▶ EXERCISE: Using the data below, restate exactly every line from the one with "Он распределяет усилие" up to and including the one with "Creación del computed". No picture belongs in it.

Extracted data entries
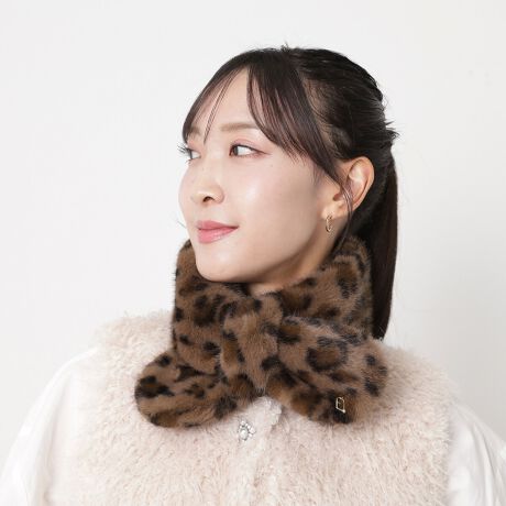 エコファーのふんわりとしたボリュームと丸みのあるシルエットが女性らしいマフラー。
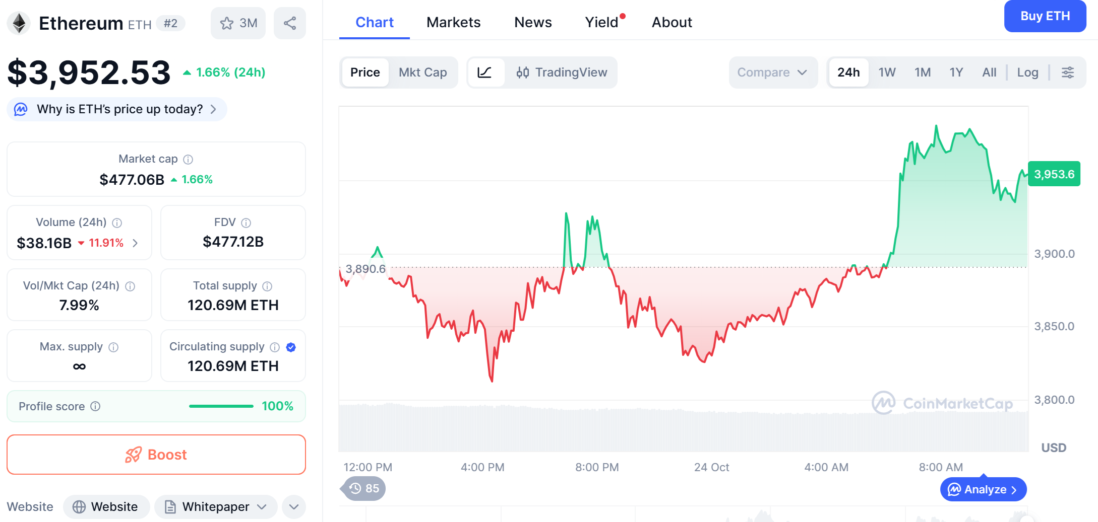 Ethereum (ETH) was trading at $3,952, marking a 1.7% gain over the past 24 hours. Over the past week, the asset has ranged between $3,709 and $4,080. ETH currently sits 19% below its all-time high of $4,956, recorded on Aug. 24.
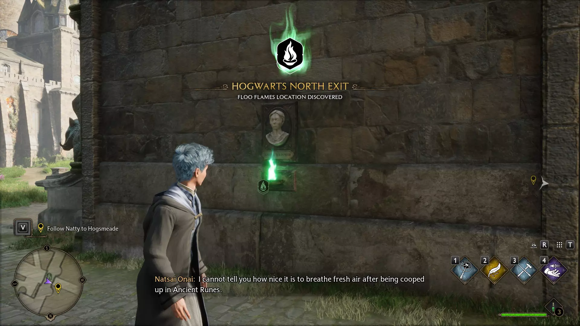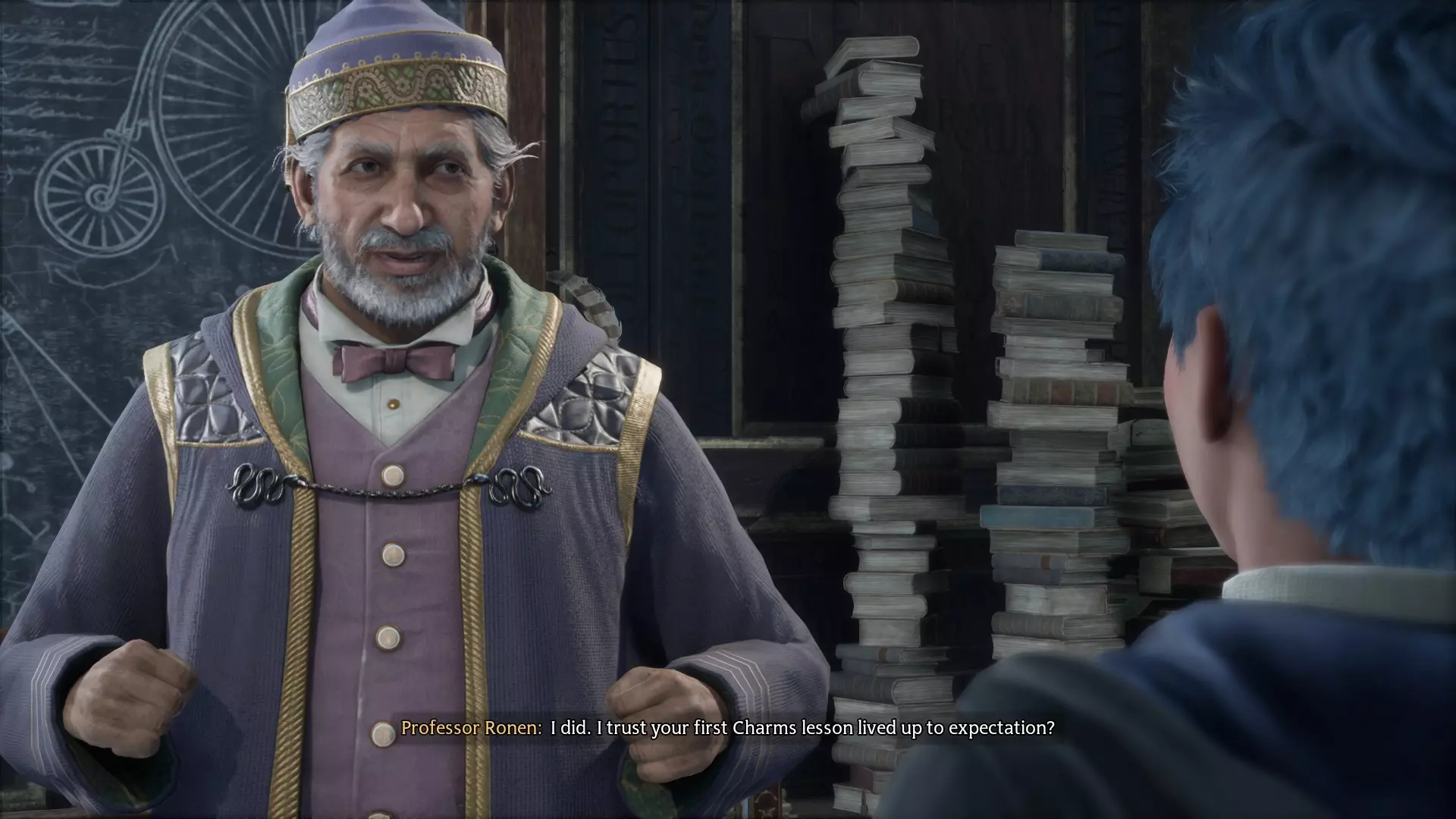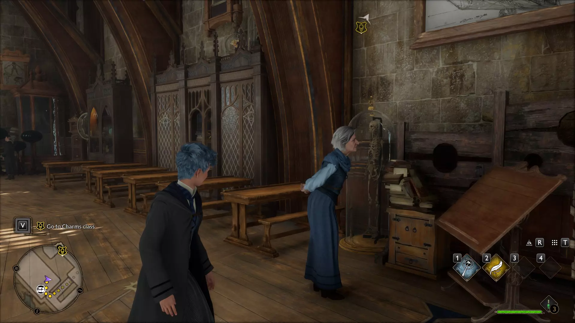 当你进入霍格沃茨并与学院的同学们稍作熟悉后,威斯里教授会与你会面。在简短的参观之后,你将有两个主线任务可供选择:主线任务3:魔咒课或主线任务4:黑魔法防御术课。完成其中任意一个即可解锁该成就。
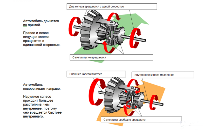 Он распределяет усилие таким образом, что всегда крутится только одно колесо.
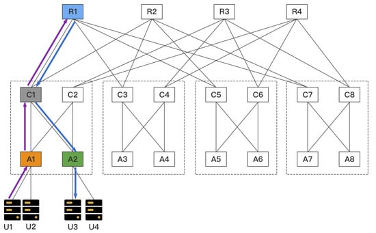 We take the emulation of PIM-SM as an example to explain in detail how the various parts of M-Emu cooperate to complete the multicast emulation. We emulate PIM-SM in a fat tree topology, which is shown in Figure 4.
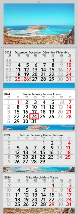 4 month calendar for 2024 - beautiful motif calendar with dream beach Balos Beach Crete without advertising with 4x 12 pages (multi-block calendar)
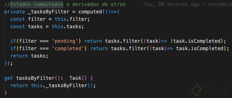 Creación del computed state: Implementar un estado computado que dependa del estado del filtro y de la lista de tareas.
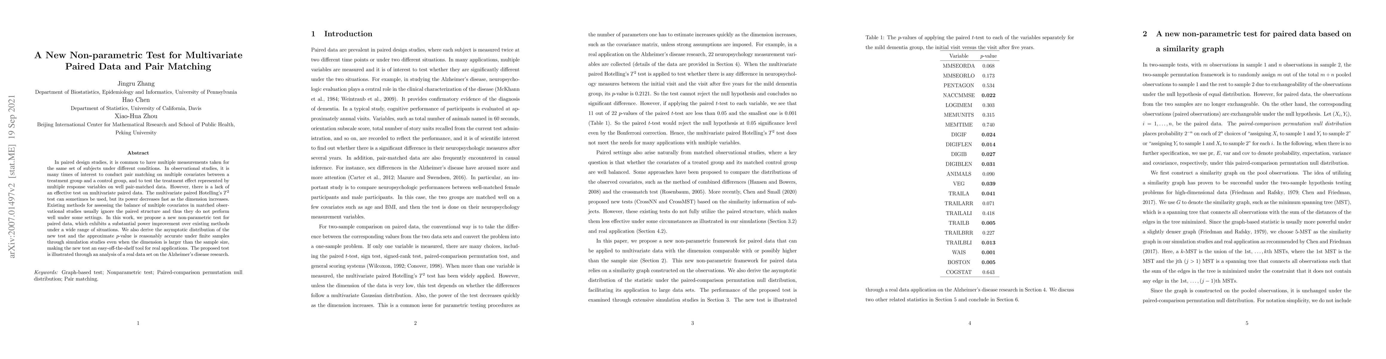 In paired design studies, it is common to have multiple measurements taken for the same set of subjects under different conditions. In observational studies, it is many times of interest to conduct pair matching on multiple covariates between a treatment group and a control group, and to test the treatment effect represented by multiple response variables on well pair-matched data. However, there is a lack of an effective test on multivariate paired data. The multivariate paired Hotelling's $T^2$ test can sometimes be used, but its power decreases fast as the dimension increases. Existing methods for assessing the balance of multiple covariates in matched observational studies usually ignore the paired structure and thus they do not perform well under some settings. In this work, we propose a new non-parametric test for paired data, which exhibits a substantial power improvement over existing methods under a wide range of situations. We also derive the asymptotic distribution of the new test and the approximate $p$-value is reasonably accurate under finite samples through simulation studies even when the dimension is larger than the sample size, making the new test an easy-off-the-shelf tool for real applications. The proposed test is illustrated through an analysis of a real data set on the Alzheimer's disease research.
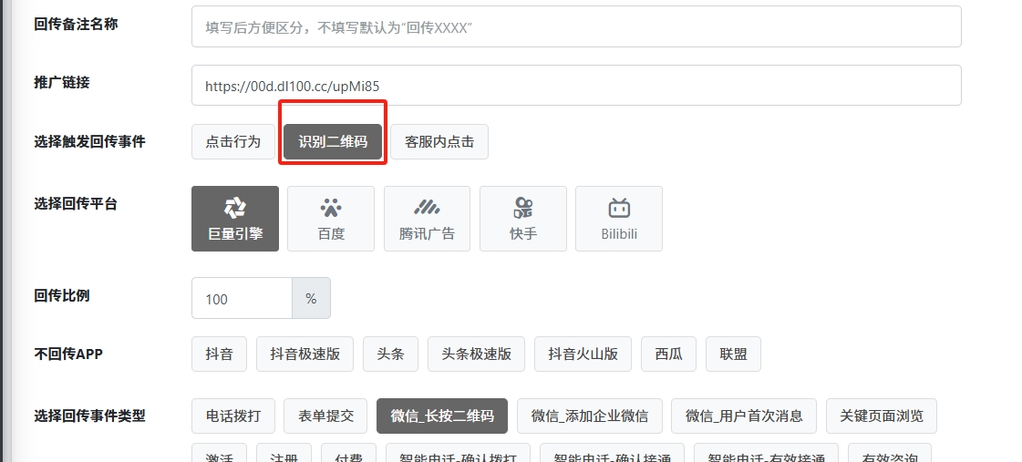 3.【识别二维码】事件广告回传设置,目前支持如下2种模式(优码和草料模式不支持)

▶ YOUR SOLUTION:
 Он распределяет усилие таким образом, что всегда крутится только одно колесо.
 We take the emulation of PIM-SM as an example to explain in detail how the various parts of M-Emu cooperate to complete the multicast emulation. We emulate PIM-SM in a fat tree topology, which is shown in Figure 4.
 4 month calendar for 2024 - beautiful motif calendar with dream beach Balos Beach Crete without advertising with 4x 12 pages (multi-block calendar)
 Creación del computed state: Implementar un estado computado que dependa del estado del filtro y de la lista de tareas.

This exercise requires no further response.